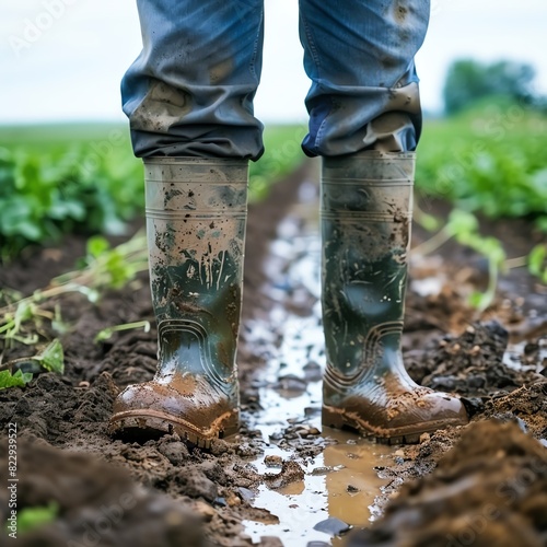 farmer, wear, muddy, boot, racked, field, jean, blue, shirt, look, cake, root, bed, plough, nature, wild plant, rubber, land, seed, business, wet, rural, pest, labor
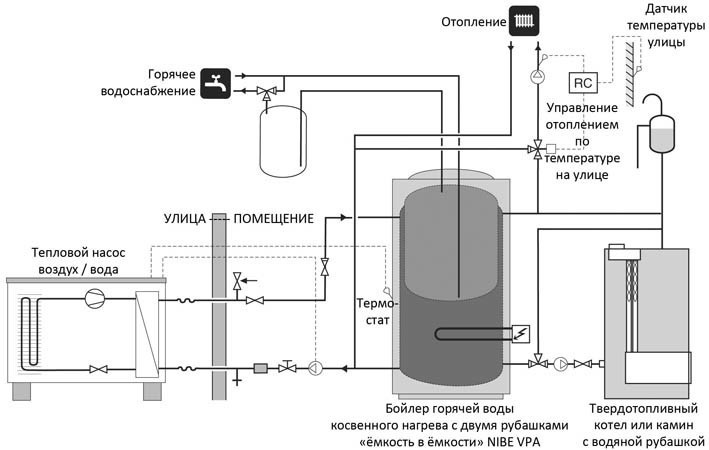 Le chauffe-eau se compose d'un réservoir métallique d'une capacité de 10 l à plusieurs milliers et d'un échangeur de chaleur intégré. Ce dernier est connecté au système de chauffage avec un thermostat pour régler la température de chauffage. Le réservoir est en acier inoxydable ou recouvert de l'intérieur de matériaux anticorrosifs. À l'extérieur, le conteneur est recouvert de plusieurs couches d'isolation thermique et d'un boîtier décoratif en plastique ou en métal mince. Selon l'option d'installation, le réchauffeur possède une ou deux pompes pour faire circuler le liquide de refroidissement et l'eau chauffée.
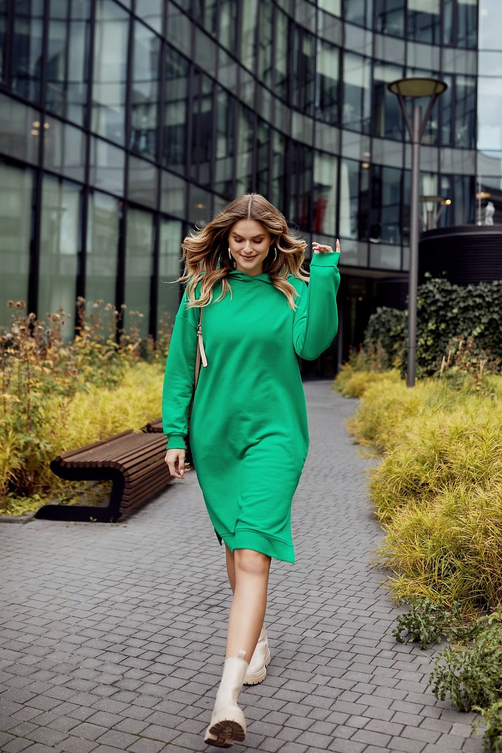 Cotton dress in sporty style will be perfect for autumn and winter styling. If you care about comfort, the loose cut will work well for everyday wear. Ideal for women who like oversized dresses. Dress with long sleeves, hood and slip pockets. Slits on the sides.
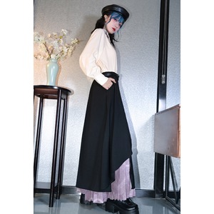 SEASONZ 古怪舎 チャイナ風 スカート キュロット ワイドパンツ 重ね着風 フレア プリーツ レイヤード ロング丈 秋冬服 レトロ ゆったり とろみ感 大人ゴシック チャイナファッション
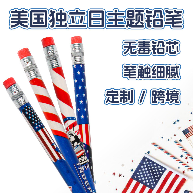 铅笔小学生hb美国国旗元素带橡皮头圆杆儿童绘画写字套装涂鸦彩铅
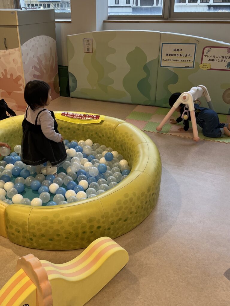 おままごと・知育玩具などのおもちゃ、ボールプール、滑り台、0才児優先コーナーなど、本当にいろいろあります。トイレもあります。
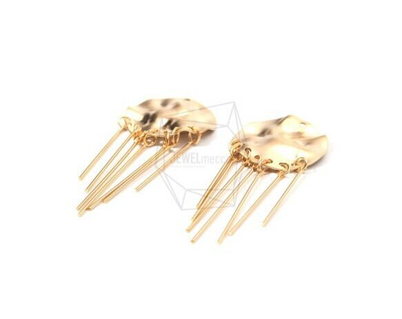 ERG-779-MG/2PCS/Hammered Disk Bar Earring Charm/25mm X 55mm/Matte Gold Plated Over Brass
* * * *
▶ **Your objective**
From the line with "Cotton dress in" to the last line of the material, both inclusive, set down every line exactly and nothing else; omit pictures.

▶ **Result of this exercise**
 Cotton dress in sporty style will be perfect for autumn and winter styling. If you care about comfort, the loose cut will work well for everyday wear. Ideal for women who like oversized dresses. Dress with long sleeves, hood and slip pockets. Slits on the sides.
 SEASONZ 古怪舎 チャイナ風 スカート キュロット ワイドパンツ 重ね着風 フレア プリーツ レイヤード ロング丈 秋冬服 レトロ ゆったり とろみ感 大人ゴシック チャイナファッション
 铅笔小学生hb美国国旗元素带橡皮头圆杆儿童绘画写字套装涂鸦彩铅
 おままごと・知育玩具などのおもちゃ、ボールプール、滑り台、0才児優先コーナーなど、本当にいろいろあります。トイレもあります。
 ERG-779-MG/2PCS/Hammered Disk Bar Earring Charm/25mm X 55mm/Matte Gold Plated Over Brass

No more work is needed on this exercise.